What You See Is What You See

27 What you see is what you see. I would like to emphasize two aspects of this sensuous empiricism. The first aspect is embedded in this fourth really smart thing Jean Genet said regarding the ontological priority of violence:
28 Every fedayee felt free ranging over this area [the Ajloun hills] on foot or by car, never letting go of the surface. It was the surface that concerned us, and we learned its contours as we moved over them. Each fedayee's horizon was taught him by his eyes and feet. He had only to look in front of him to see where he was going, and behind him to see where he'd come from. (Genet 1992, 105)
29 This first seeing, this nearly empirical seeing, is first of all a practical and interested intuition of what is given; given not a priori or as essential possibility, but given in and as its utter contingency. What is seen in practical or interested intuition is not a landscape, but hiding places, escape routes, obstacles and possibilities. It is not simply that seeing all of this is contingent, but that seeing itself belongs to contingency itself, seeing is of contingency; this is the seeing of the glimpse rather than the gaze, illumination as fulguration rather than enlightenment. Calculation there is, but it is paradoxically an instantaneous calculation, or what is too easily termed »instinctive« calculation, a canine or feline calculation. Seeing here is not the path to transcendence; on the contrary, it is a kind of haptic seeing, where seeing becomes touch. This haptic seeing is first of all, as Genet says, a matter of surfaces – and nothing but surfaces, surfaces that are not shells that surround and protect any substantiality, but surfaces that constitute what Deleuze and Guattari called »smooth space,« a space that is not the emptiness of a plane, field, or volume, but the infinite empirical congestion of contingent being (Deleuze/Guattari 1987, 474-500; see also Ricco 2002). This is the seeing required by guerrilla warfare, as Genet says, of »that ›little war‹ in which you had to find allies in fog, damp and the height of rivers, in the rainy season, the long grass, the owl's cry, and the phases of the sun and moon« (Genet 1992, 108).
»When so many things are there to be seen, just seen, there are no words to describe them.«

Jean Genet
(1992, 55)
30 Thus, this guerrilla seeing belongs to the situation or opportunity; it is essentially and thoroughly opportunistic, as Massimo De Carolis has said (1996, 37-51); that is, what is seen determines the fact of seeing; haptic seeing, guerrilla seeing, is neither an instinct nor a faculty, but an accident, an opportunity.
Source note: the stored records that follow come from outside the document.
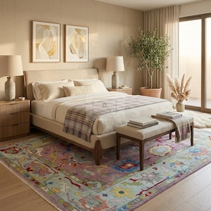 • Design: Traditional Oushak botanical floral with geometric border
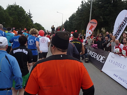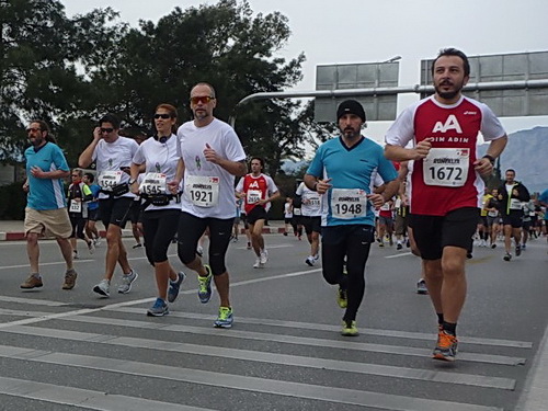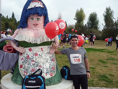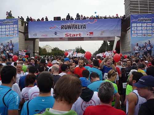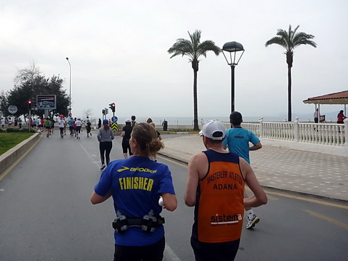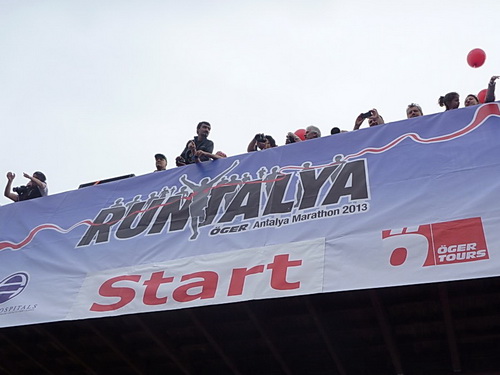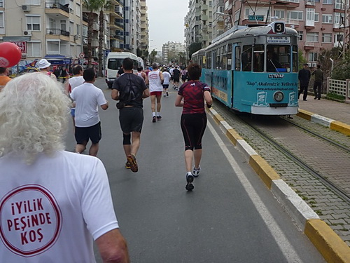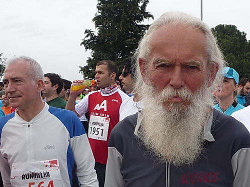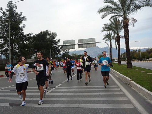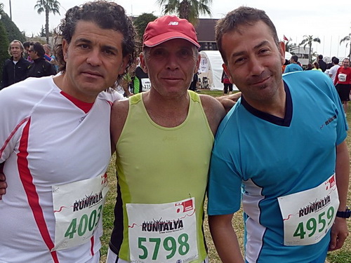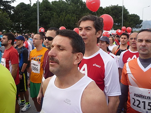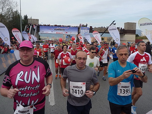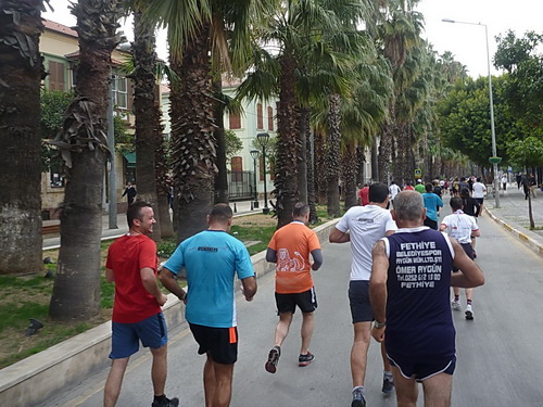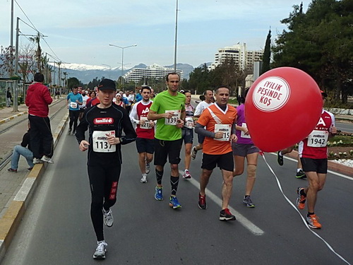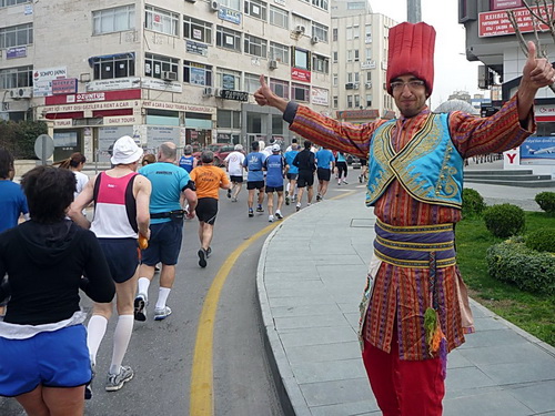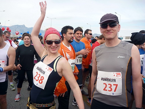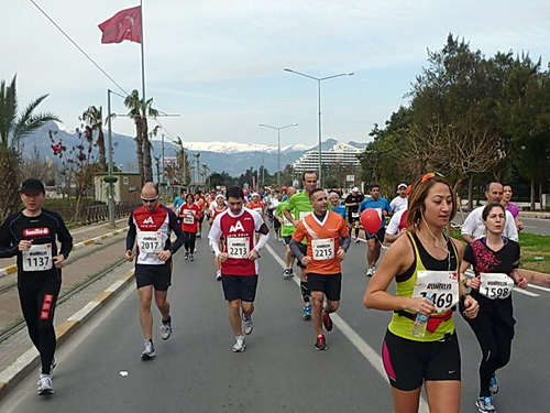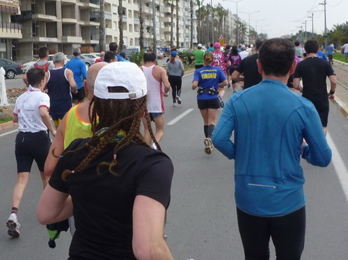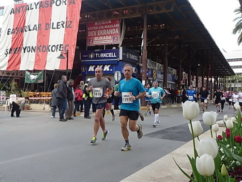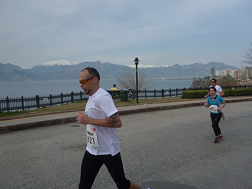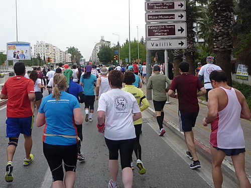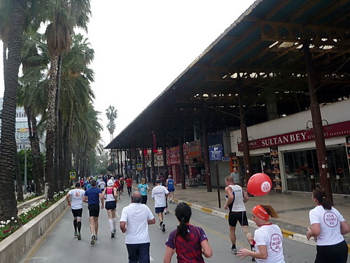 Überall deutsche Winterflüchtlinge. Der Lauftag bietet heute 24 Grad. Die Uferstraße, auf der unser Pumuckl barfuss läuft, wird am Montag witzigerweise neu asphaltiert werden. Thorsten läuft auch als Pumuckl, sonst als Robin Hood, aber sein Bogen wurde nicht in den Flieger gelassen. Martina hat beide Hände verbunden, sie ist gestern beim Training gestürzt. Uwe, der Ideengeber des Antalya Marathons wird ihr das Wasser reichen müssen.
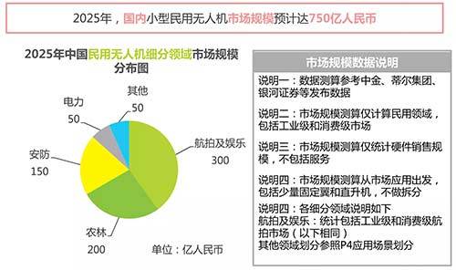 预计到2025年,国内无人机航拍市场规模约为300亿,农林植保约为200亿,安防市场约为150亿,电力巡检约为50亿,总规模将达750亿。
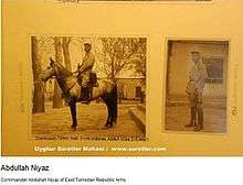 - 1 2 3 4 Andrew D. W. Forbes (1986). Warlords and Muslims in Chinese Central Asia: A Political History of Republican Sinkiang 1911-1949. Cambridge, England: CUP Archive. p. 144. ISBN 0-521-25514-7. Retrieved 2010-06-28.
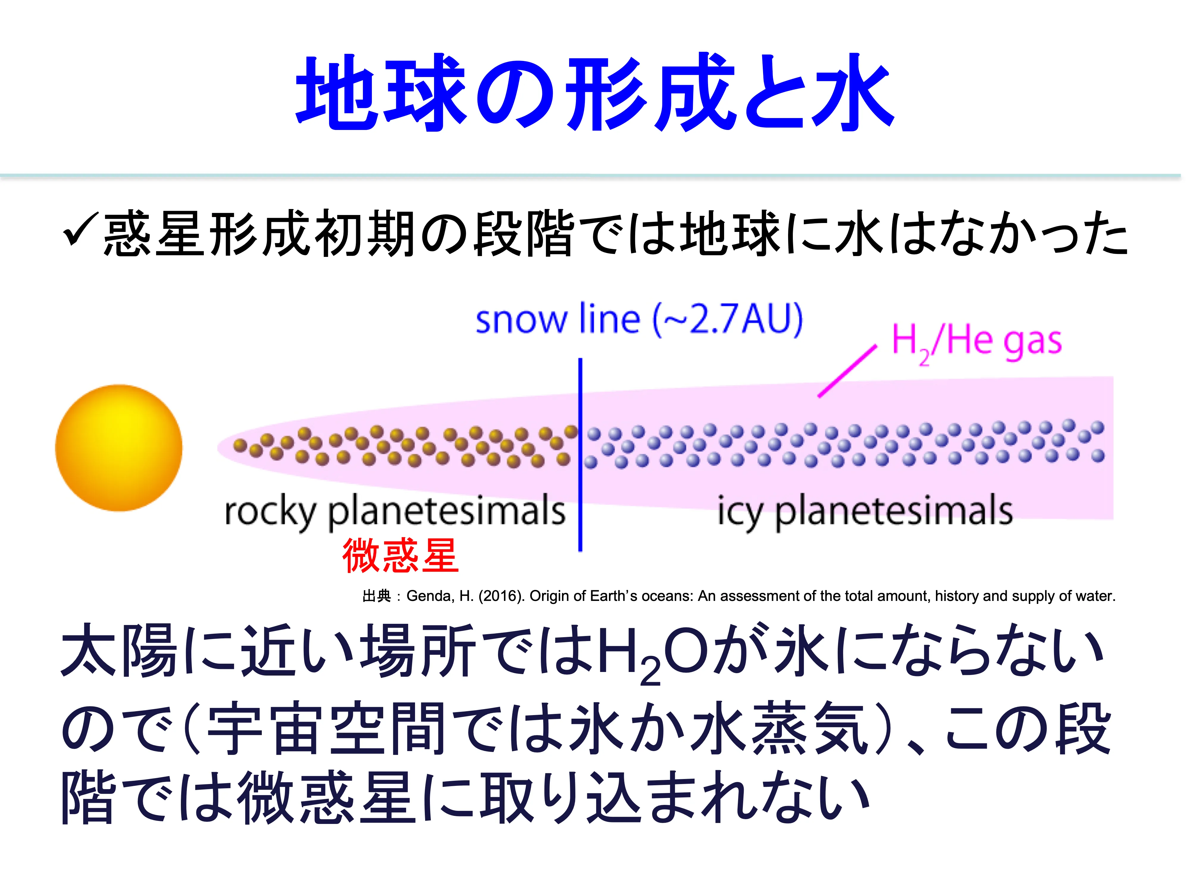 - 地球の誕生と進化:ジャイアントインパクト、マグマオーシャン、コア-マントルの分離から始まる固体地球の形成と進化について議論する
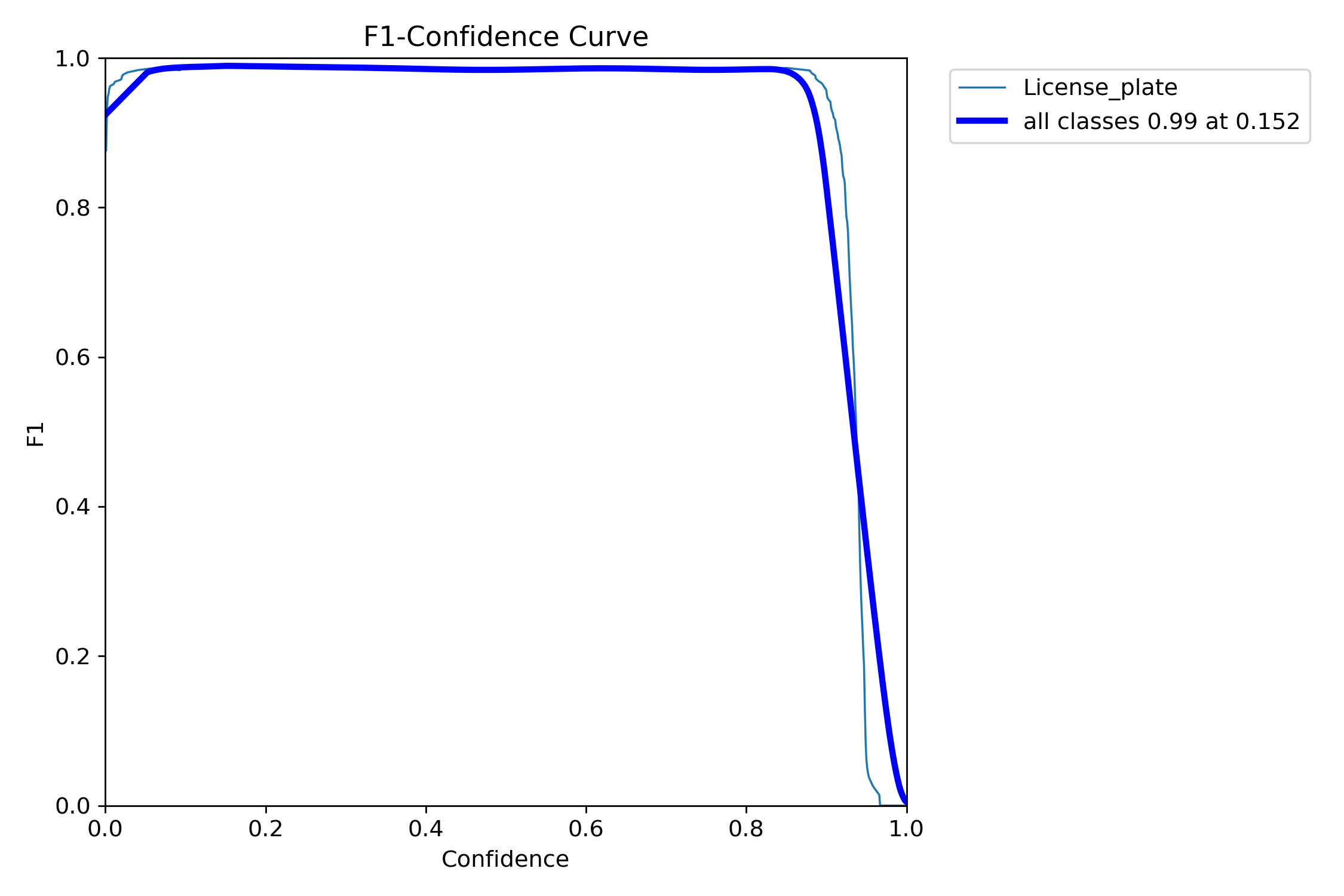 当置信度为0.152时,所有类别的综合F1值达到了0.99(蓝色曲线)。
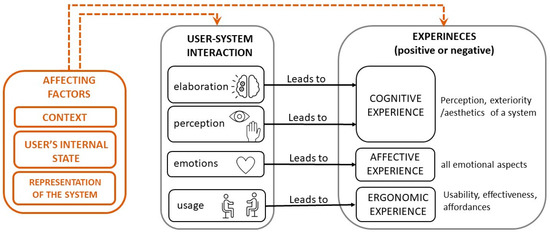 Representation of user-system interactions, the derived different experiences (cognitive, affective, and ergonomic) and the influence factors that affect the overall UX.
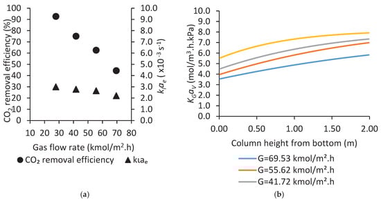 Based on the Figure 5a, once the gas flow rate increases from 27.81 kmol/m2.h to 69.53 kmol/m2.h, the CO2 removal significantly decreases from 92.68% to 44.38%, whereas the value of is reduced from 3.00 s−1 to 2.21 s−1. At fixed liquid flow rate, an increase of gas flow rate resultantly decreases L/G, thus causing the CO2 removal efficiency to decrease. The result on CO2 removal efficiency corresponded well with that of Halim et al. and Abdul Halim et al. [7,30]. Nonetheless, the impact of the gas flow rate on is insignificant compare to the liquid flow rate parameter. This is due to the mass transfer between the liquid and gas phases which mainly depended upon the liquid phase mass transfer resistance [46].
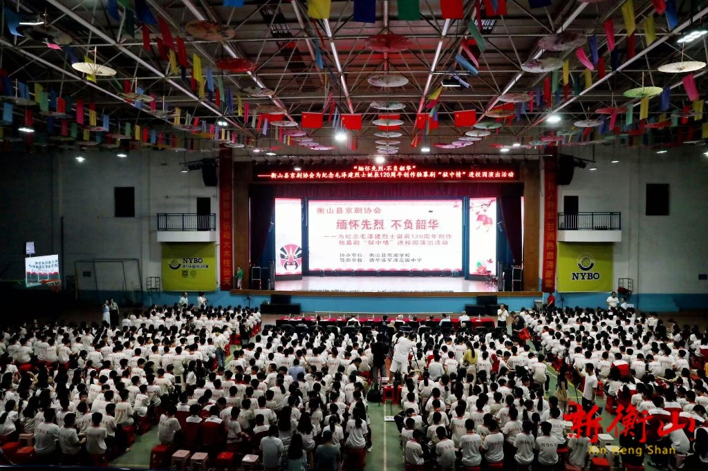 9月28日晚,由衡山县京剧协会创作,纪念毛泽建烈士诞辰120周年的独幕京剧《狱中情》,在观湘学校体育馆进行演出,为全校师生带来了一场震撼心灵的红色艺术盛宴。县领导谷蓉、陈燕春参加。

It is, as it were, a phenomenology without the essential reflection that makes phenomenology what it presumptively is. That is, it is a situating of oneself without a cartographic or perspectival reflection, because haptic, guerrilla seeing exceeds, essentially and at every point, every possible cartography or perspectivism. And therefore is something other, something more, than the reflective subjectivity of every transcendental cartography. Haptic, guerrilla seeing never puts things in perspective. It is the very experience of non-transcendence, of non-neutrality.
31 What you see is what you see. The second, and I think consequent, aspect of this immanent seeing is a question of witnessing. Here, then, is the fifth really smart thing Jean Genet said regarding the ontological priority of violence: »When so many things are there to be seen, just seen, there are no words to describe them.« (Genet 1992, 55) »Just seen«: Genet insisted over and again – in the first pages of Prisoner of Love, in his commentary on a Paris exhibition of photos of the Palestinians, in his essay on the massacre at Chatila, for example – on the heteronymy of seeing and understanding, on the fact that seeing does more than download a world for interpretation's hard drive; he insists on the essential stupidity of the senses (and this is also the case, by the way, when what is seen is words). And yet this just seeing, this radical empiricism, does not go unremarked; indeed, the fact that it marks the limit of the possibility of description does not thereby augur the end of description or of representation altogether. What is at stake, I want to suggest, is a certain becoming: becoming non-transcendent, becoming non-neutral in a haptic witnessing, a guerrilla historicism. This is a going-under, what Genet calls a drowning, an art of disappearance with neither preservation nor conservation.
Genet
enlarge »Jean Genet«
by Alberto Giacometti
(detail)
32 Over and again in his texts on the Palestinians and the Black Panthers, Genet insisted upon the uncommunicable distance between the transcendence of geopolitical perspective, the neutrality of what he called Europe on the one hand, and the haptic existence of Black and Palestinian guerrillas on the other. These texts bear witness to that existence and that distance. They do not translate that existence which Genet shared for a time; rather, in saying what he has seen – dead bodies in their empirical singularity and multiplicity, just for example – he bears witness to the fact of just seeing, to the stupidity of the senses in their heterogeneity (what Lyotard, à propos the sublime, called a »negative presentation«), but as »negative presentation« is specifically historicist; or rather, belongs to what Foucault called »political historicism,« a guerrilla historicism, the work of becoming non-transcendent, non-neutral. Genet's writing is not witness to the feeling of the post-Burkean, post-Kantian sublime, but testimony to the failure of the sublime to sustain subjectivity.
33 In all of Genet's political texts on the Black Panthers, the RAF, and on the Palestinians, he will offer a historical narrative, to suggest how it is things came to be the way they are. Yet these stories are in every case interrupted and fragmented by descriptive episodes, testimony to guerrilla phenomenology, testimony to catastrophe, negative presentations of what remains unrepresentable, everything that cannot be overcome and preserved in any story. These interruptions, »political historicism« on Foucault's account, constitute a work of dis-integration, dis-appearance, an affirmation, precisely, of non-transcendence, non-neutrality.
34 But let us not be lulled into historiographical slumber here. The work of dis-integration or dis-appearance, the affirmation of finitude and non-neutrality, are never peaceable processes or procedures; they are violent, the very fact of a violence that is never metaphorical. Nevertheless, they are not negative.

Finitude Now!

»You have to understand that the people you call terrorists know without needing to be told that they, their persons and their ideas, will only be brief flashes against a world wrapped up in its own smartness.«

Jean Genet
(1992, 179)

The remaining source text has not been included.